More than 380 students and educators have signed a statement calling for Hoover to resign from “all positions on boards and advisory committees and all grants, speaking engagements, and other paid opportunities she obtained with her false identity.”
UC Berkeley spokesperson Janet Gilmore did not comment on what, if any, disciplinary action the university would take.
As VOA previously reported, Native and First Nations scholars say colleges and universities are “overrun” by academicians who falsely claim Indigenous identity. They not only rob legitimate Indigenous scholars of opportunities but inform public policy.
Read more:
Study: Early humans in North America migrated from China
New research from China suggests that some ancient humans migrated to the Americas from northern coastal China in the region of the Bohai and Yellow seas.
Scientists examined modern and ancient mitochondrial DNA to trace a rare female lineage. They found 216 modern-day and 39 ancient individuals who share that prehistoric ancestry.
“In addition to previously described ancestral sources in Siberia, Australo-Melanesia, and Southeast Asia, we show that northern coastal China also contributed to the gene pool of Native Americans,” Yu-Chin Li, a molecular anthropologist at the Chinese Academy of Sciences, said in a statement.
The research published this week in Cell Reports shows two separate migrations between China, Japan and North America during and after the Ice Age. Researchers say this would explain similarities between prehistoric arrowheads and spearheads found in China, Japan and the Americas.
Read more:
Catholic groups ran nearly 90 Indian boarding schools in US
An independent collaboration of native tribe and Catholic Church members, historians and archivists this week published a list of Indian boarding schools that were run by the Catholic Church.
The Catholic Native Boarding School Accountability and Healing Project published an online list showing that Catholic dioceses, parishes and religious orders established and operated schools across 22 states; the majority were run by Catholic sisters representing 53 religious orders.
“We are under no pretense that our list is complete,” the group said. “We have done our best to offer the most accurate information possible, but we also anticipate future revisions as additional information is obtained.”
The list expands and corrects a May 2022 U.S. Interior Department report that followed a nine-month probe into federal Indian boarding schools.
The federal government once regarded Christianization to be key to assimilating Native Americans into mainstream American society.
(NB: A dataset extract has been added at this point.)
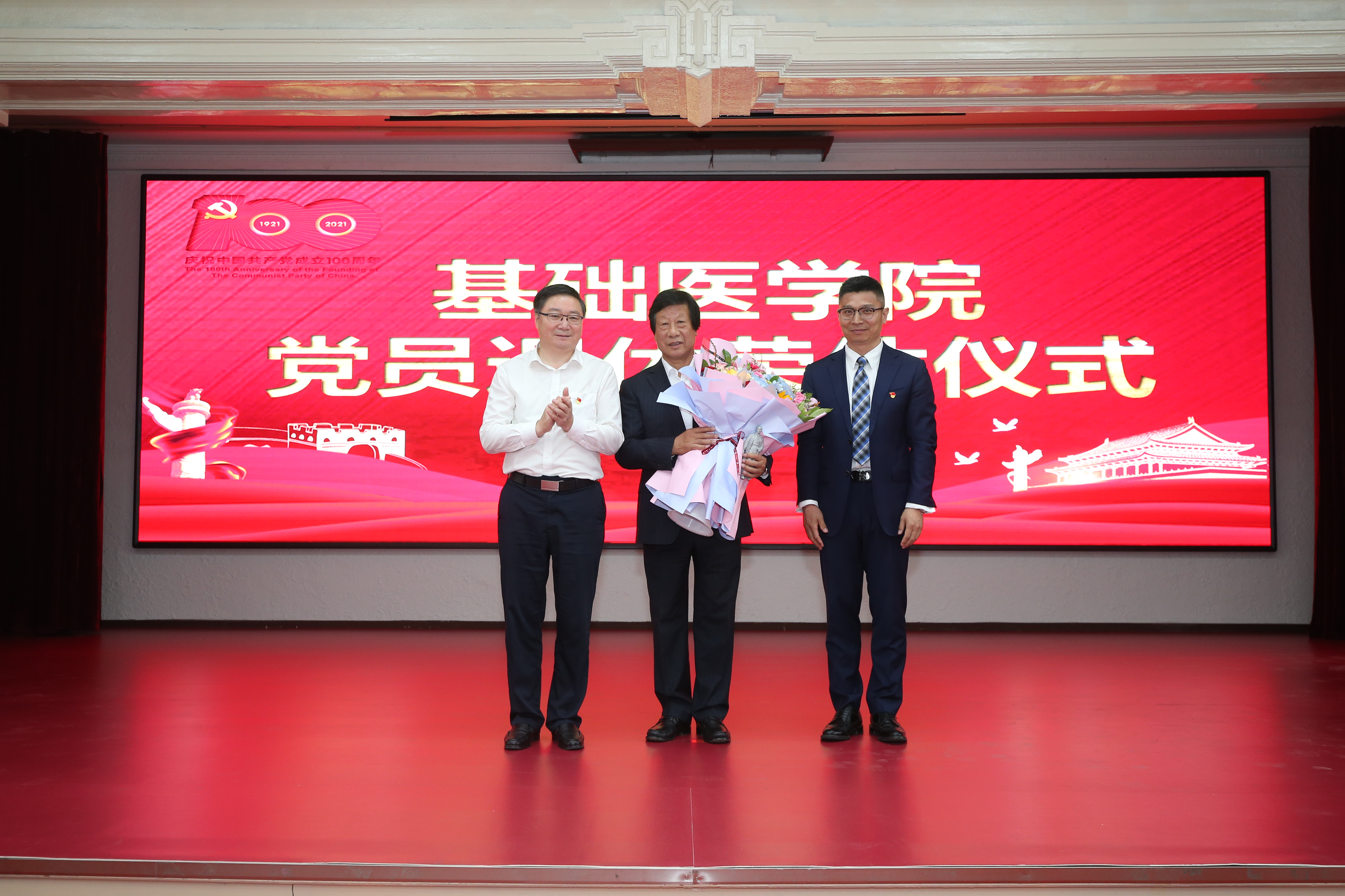 随后进行了必赢bwin线路检测中心首次党员退休荣休仪式。王晓荣书记介绍了2021年退休的李玉林、李一、王琳三位党员教授的基本情况,李玉林教授参加工作52年、党龄49年,李一教授和王琳教授党龄34年,赵国庆副校长为退休党员代表李玉林教授颁发纪念章和3D打印的同版白求恩小塑像,王放院长代表学院赠送了鲜花。李玉林教授在发言中讲到自己从一名知识青年到教授、博士生导师的奋斗经历,表达了热爱党和国家、热爱学校、热爱学院、热爱病理学科的真挚情感,展现了一名老共产党员的精神风范,得到现场师生的热烈掌声。

The Catholic Church was one of more than 14 denominations of Christians that ran Indian boarding schools between the 1820s and 1970s.
Read more:
Alaska Federation of Native loses two of its largest members
The Alaska Federation of Natives (AFN) lost two members this week, sparking concerns about the future of an organization that represents the interests of more than 200 tribes and corporations in Alaska.
The Central Council of the Tlingit & Haida Indian Tribes of Alaska, the largest federally recognized tribe in the state, announced Monday it would withdraw from the federation and pursue its political interests independently.
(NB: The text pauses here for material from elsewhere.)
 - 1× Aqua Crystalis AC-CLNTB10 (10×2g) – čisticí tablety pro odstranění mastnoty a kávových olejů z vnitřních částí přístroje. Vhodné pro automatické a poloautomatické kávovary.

“The truth of the matter is our Executive Council has diverse areas of expertise and this has been a true strength in the governance of our Tribe,” Tlingit and Haida President Richard Chalyee Eesh Peterson said in a written statement Monday.
Separately, the Tanana Chiefs Conference (TCC) also decided to quit the AFN.
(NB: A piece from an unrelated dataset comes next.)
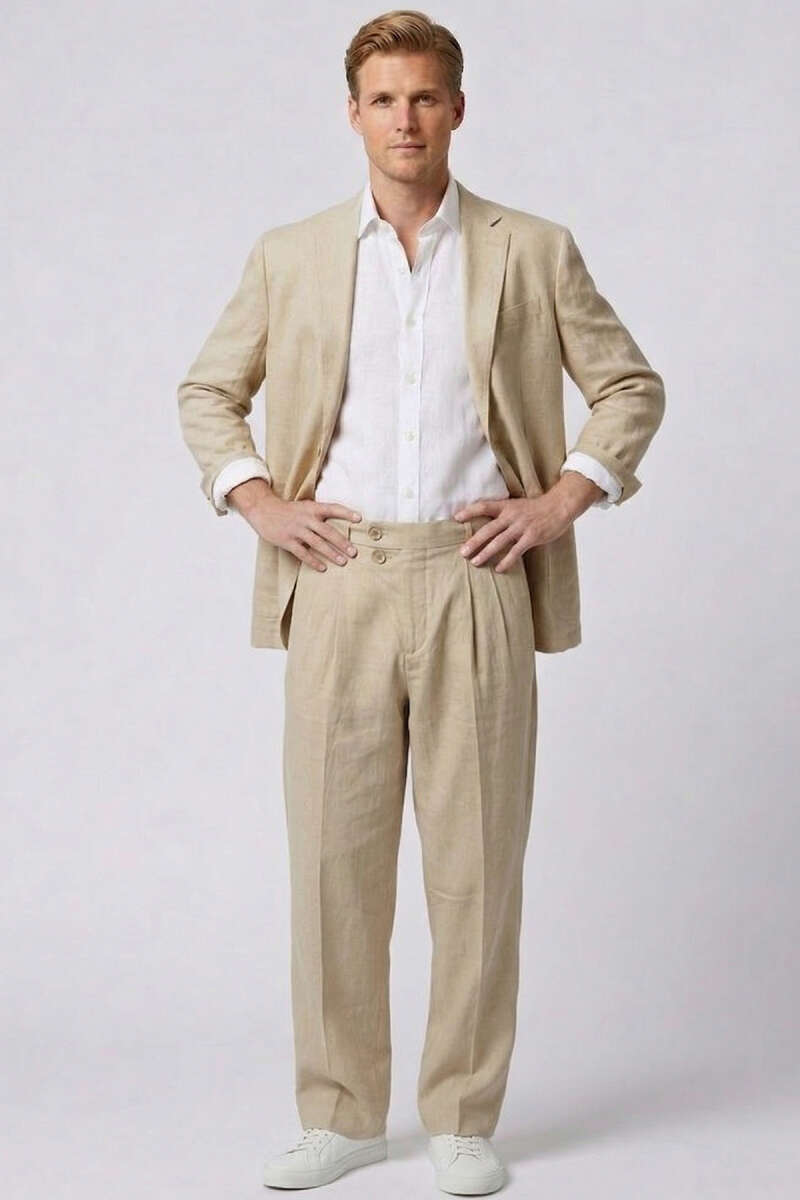 Hasır Kemerli Keten Erkek Pantolon Beyaz

“Over the past few years, over 40 resolutions were passed by the full board at AFN that support a subsistence way of life, but no significant action has been taken on those directives,” the group said on its website.
TCC represents 39 villages and 37 federally recognized tribes across more than 608,000 square kilometers (235,000 square miles).
Since 2019, five organizations have withdrawn their AFN memberships.